== EXERCISE DESCRIPTION ==
Only one stretch of the data should be retyped: the lines from the line containing "Pair Of Modern" through the line containing "Адаптер видеозахвата HDMI". Keep pictures out of it.

== DATA EXTRACTS ==
▼▼▼

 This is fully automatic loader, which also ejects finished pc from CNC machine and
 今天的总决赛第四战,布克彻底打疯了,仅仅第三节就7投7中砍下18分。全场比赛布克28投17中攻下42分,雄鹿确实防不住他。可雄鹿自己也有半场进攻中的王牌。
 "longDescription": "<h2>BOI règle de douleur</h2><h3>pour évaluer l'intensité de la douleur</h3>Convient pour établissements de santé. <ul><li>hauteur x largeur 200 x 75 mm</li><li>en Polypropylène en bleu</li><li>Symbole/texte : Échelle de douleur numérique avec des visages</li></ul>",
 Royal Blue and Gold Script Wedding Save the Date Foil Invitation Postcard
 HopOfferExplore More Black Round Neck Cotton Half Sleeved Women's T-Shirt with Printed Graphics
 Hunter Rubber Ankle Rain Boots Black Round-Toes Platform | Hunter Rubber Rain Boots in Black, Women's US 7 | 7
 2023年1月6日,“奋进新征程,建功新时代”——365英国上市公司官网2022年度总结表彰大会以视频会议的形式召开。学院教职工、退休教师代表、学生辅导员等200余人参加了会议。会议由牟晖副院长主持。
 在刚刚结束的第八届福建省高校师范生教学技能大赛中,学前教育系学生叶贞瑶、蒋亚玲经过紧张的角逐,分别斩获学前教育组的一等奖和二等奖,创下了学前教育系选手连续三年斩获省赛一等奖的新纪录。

▲▲▲
▼▼▼

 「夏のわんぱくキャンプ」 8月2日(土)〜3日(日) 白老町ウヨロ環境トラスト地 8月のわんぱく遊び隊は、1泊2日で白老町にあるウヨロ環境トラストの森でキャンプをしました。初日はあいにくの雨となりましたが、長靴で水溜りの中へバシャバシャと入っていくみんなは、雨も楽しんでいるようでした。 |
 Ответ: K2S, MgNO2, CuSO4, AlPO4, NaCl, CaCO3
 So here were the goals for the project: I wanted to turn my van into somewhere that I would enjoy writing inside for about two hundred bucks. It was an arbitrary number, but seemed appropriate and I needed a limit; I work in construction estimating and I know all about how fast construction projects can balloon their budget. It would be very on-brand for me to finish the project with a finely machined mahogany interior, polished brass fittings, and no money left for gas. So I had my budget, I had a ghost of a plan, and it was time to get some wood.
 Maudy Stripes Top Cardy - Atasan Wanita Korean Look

▲▲▲
▼▼▼

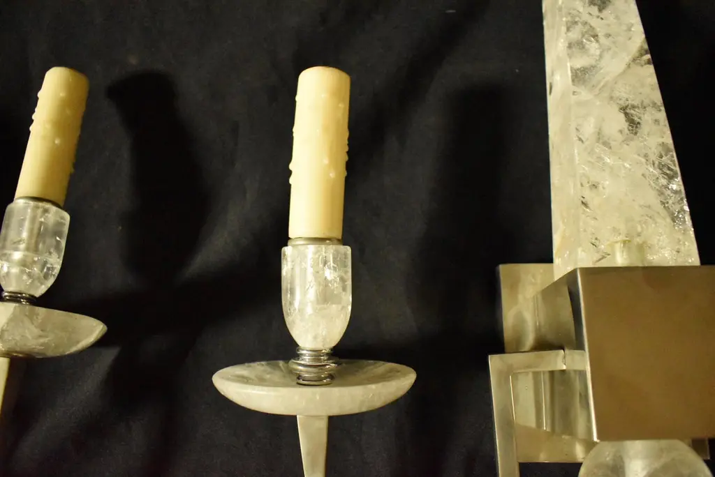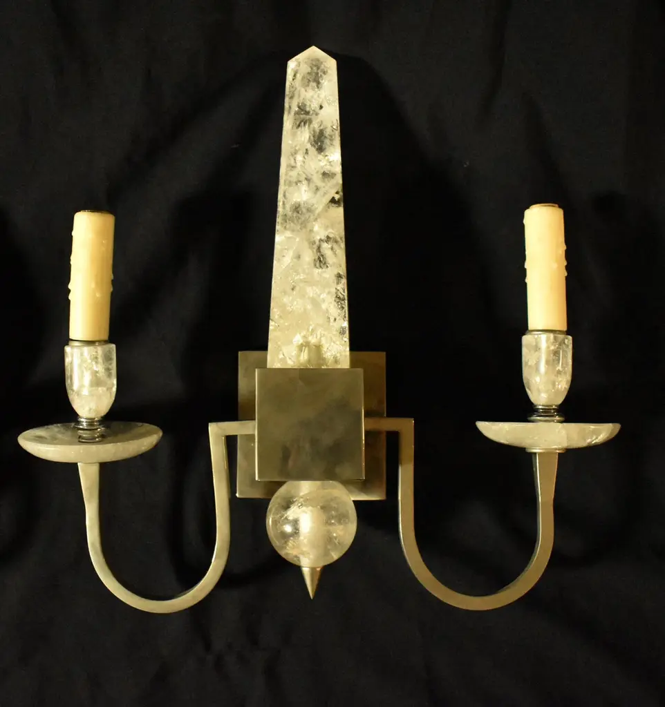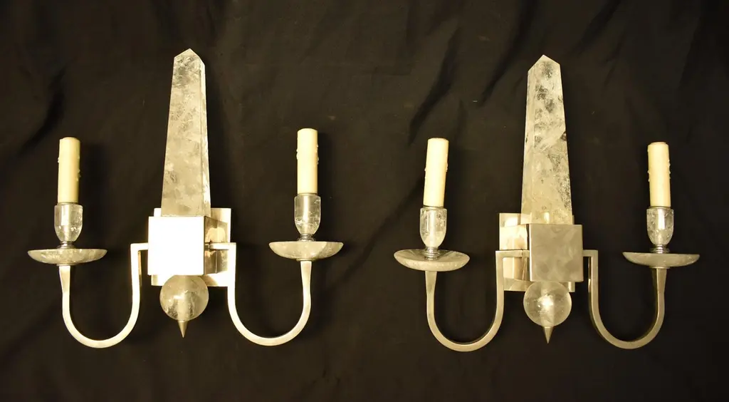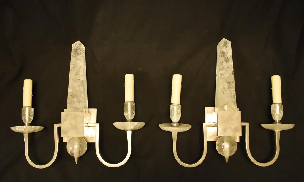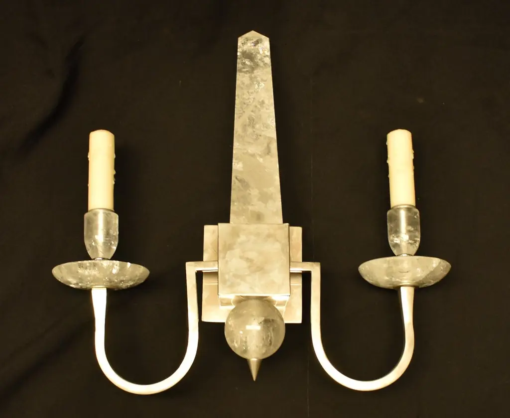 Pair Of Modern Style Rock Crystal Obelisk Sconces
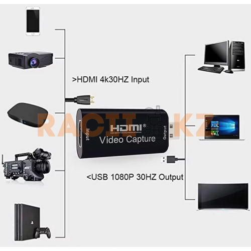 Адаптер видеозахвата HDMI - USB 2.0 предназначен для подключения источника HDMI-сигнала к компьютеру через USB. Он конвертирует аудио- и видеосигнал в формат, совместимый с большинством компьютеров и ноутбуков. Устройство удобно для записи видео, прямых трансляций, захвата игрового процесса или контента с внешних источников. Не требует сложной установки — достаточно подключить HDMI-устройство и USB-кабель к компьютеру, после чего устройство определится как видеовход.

▲▲▲

== RESPONSE ==
 Pair Of Modern Style Rock Crystal Obelisk Sconces
 Адаптер видеозахвата HDMI - USB 2.0 предназначен для подключения источника HDMI-сигнала к компьютеру через USB. Он конвертирует аудио- и видеосигнал в формат, совместимый с большинством компьютеров и ноутбуков. Устройство удобно для записи видео, прямых трансляций, захвата игрового процесса или контента с внешних источников. Не требует сложной установки — достаточно подключить HDMI-устройство и USB-кабель к компьютеру, после чего устройство определится как видеовход.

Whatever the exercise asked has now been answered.